Les tricycles, eux, défilent à foison. Sur la même rue, sont stationnés par endroits des camions, des fourgonnettes et plusieurs tricycles en attente aussi d’être chargés. Sans compter les nombreuses balles de pagne de plusieurs couleurs déversées, rendant difficile la marche des piétons obligés, eux aussi, de se faufiler entre les véhicules.

Selon Fatai Hamed, gérant du point de loterie sur cette rue depuis maintenant 1 an, l’embouteillage s’explique par deux raisons : la présence d’entrepôts de conteneurs de marchandises variées et le fait que la voie soit très souvent utilisée par les automobilistes.

« Ce n’est pas tous les jours qu’il y a l’embouteillage. Mais quand ça arrive, c’est très souvent au niveau des entrepôts à cause des conteneurs qui viennent. Quand ils viennent et qu’il n’y a pas de place, les camions garent sur la voie. Actuellement, il n’y a pas de conteneurs mais vous voyez qu’il y a l’embouteillage, ce qui veut dire que cette voie est beaucoup utilisée par les taxis, les chauffeurs de personnel, les gbaka qui passent pour fuir les bouchons ou prendre des raccourcis. Je suis né dans ce quartier et j’ y ai grandi. Normalement, cette voie n’était pas très fréquentée par les véhicules avant. Ce qui fait que moi-même, j’aide à réguler la circulation quand l’embouteillage s’aggrave », déclare Fatai Hamed.

Quant à Bakary Koné, vendeur de café, il soutient que les seuls jours où la voie est désengorgée, c’est lorsqu’il n’y a pas d’arrivage de conteneurs.

La réaction des propriétaires d’entrepôts

« Nous sommes transitaires : nous recevons des marchandises, des conteneurs et nous gérons leur arrivée et leur sortie. C’est du transport maritime, du bateau-cargo. Les clients achètent leurs produits à l’étranger et nous nous chargeons de les faire venir. C’est de façon légale que nous sommes installés sur cette rue », explique Amadou Sylla, responsable de chargement de l’un des entrepôts.
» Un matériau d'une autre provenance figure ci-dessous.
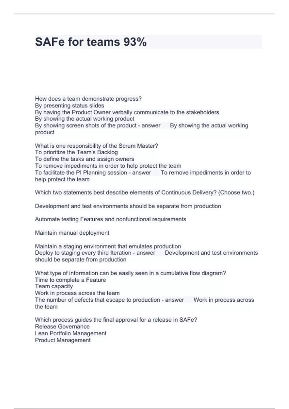 SAFe for teams 93%, Questions with correct Answers
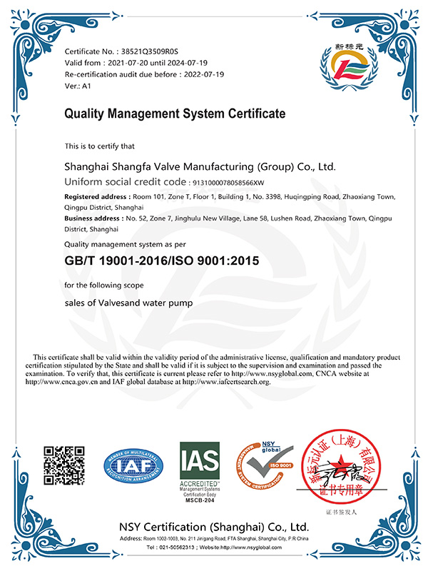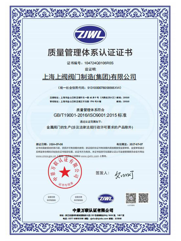 质量管理体系认证证书

Il explique que les embouteillages sur cette rue sont quasi permanents. Quand ils s’estompent, quelques minutes après, le calvaire reprend de plus belle. Sensible à la galère des automobilistes, le responsable de chargement fait savoir qu’il passe la majeure partie de son temps à faciliter la circulation aux usagers.

S’agissant des accusations portées contre eux relatives à leurs activités sur la rue, le jeune homme se veut clair : « Notre travail se fait surtout la nuit, et les conteneurs sont déplacés tôt le matin ou le soir. Ceux qui manipulent les gros camions ne sont même pas présents dans cette zone à ces heures. Notre espace de stockage principal est à Adjamé Village, là où il y a eu le déguerpissement. C’est là-bas qu’on stocke les conteneurs venant du port, parce qu’ici il n’y a pas de place. Dès qu’un conteneur est déchargé, un autre arrive puis il repart. Donc, la zone ici n’a rien à voir avec les gros camions qui créeraient un blocage », se justifie-t-il.

Avant d’ajouter : « Le vrai problème, c’est le comportement des conducteurs. Certains ne pensent pas aux autres. Il suffit qu’un conducteur hésite quelques secondes, qu’un autre force le passage, et tout se bloque. Chacun veut passer, personne ne veut laisser le passage à l’autre, on met son véhicule un peu trop en avant, et la circulation se retrouve bloquée. Pourtant, en quelques secondes, ça pourrait se débloquer si chacun faisait un petit effort. Ce qu’il faut, ce sont des campagnes de sensibilisation pour que les mentalités changent », propose-t-il.

De son côté, Ibrahim Cissé, responsable, lui aussi, d’un entrepôt, confie que la plupart des camions garent sur l’espace libre d’Adjamé Village et que, selon la loi, ils ne sont pas autorisés à circuler la journée. Il rappelle que l’engorgement de la voie dans la journée est dû aux clients qui viennent récupérer les colis. Pour lui, la responsabilité des récurrents embouteillages est partagée. « C’est vrai que nous sommes responsables. Mais les chauffeurs qui passent ici ne sont pas saints non plus. Ils sont très souvent impatients et nous sommes obligés nous-mêmes d’aider à réguler la circulation », consent-il.